Gathered around St Chad
On Saturday 23rd September we were delighted to be the goal of the 19-mile St Chad’s Pilgrimage, as an ecumenical group of nearly 150 pilgrims walked from St. Chad’s Roman Catholic Cathedral, Birmingham in commemoration of the 500th anniversary of the Protestant Reformation. It was a privilege for us to welcome a group which included Church leaders from different denominations, among them our own Bishop Michael.

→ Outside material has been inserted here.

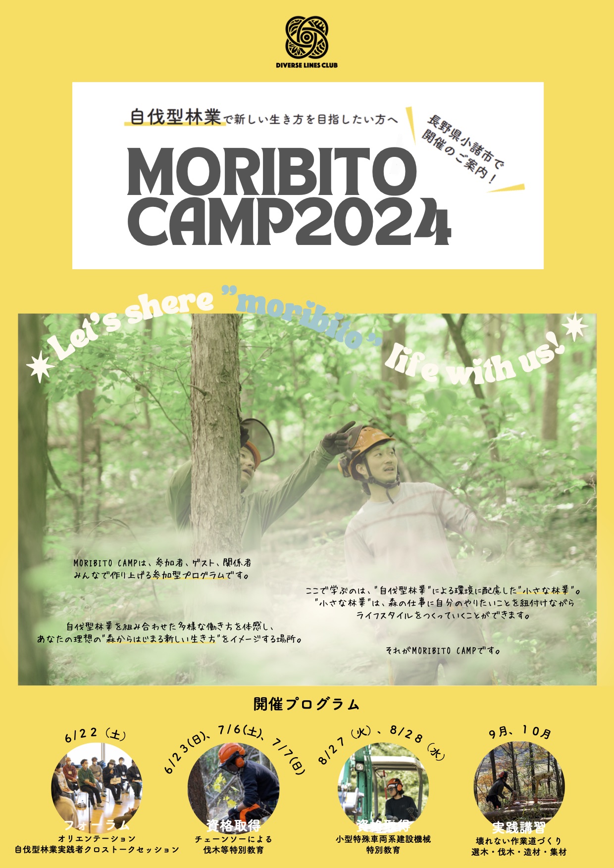 自伐型林業を組み合わせた多様な生き方を体感し、スタートするための技術を一緒に学びませんか。
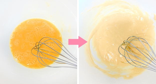 - ボウルに卵を割り入れ、溶いたら【材料A】をふるいに入れて混ぜ、さらに溶かしバターを加えて混ぜる

As the pilgrims arrived in the Cathedral after Evensong, the lively conversations and remarkably high level of energy testified to the experience of the walk. Canon Peter Holliday, himself one of the pilgrims, welcomed everyone to the Cathedral, and all were invited to gather around the site of the original burial place of St. Chad for a short act of worship. In a deeply moving act of ecumenical generosity, a relic of St Chad had been carried from St Chad’s Cathedral and rested for a brief period at the shrine here; almost certainly for the first time since the Reformation. Standing together as members of our different Christian traditions, in that place where prayer has been offered for so many centuries, served as a sign that the story of our shared past goes back further than the story of what divides us. It also reminds us of how the story of St Chad, with his gentle spirit and fierce love for the Gospel, is a very current source of inspiration for our mission and ministry in this place today.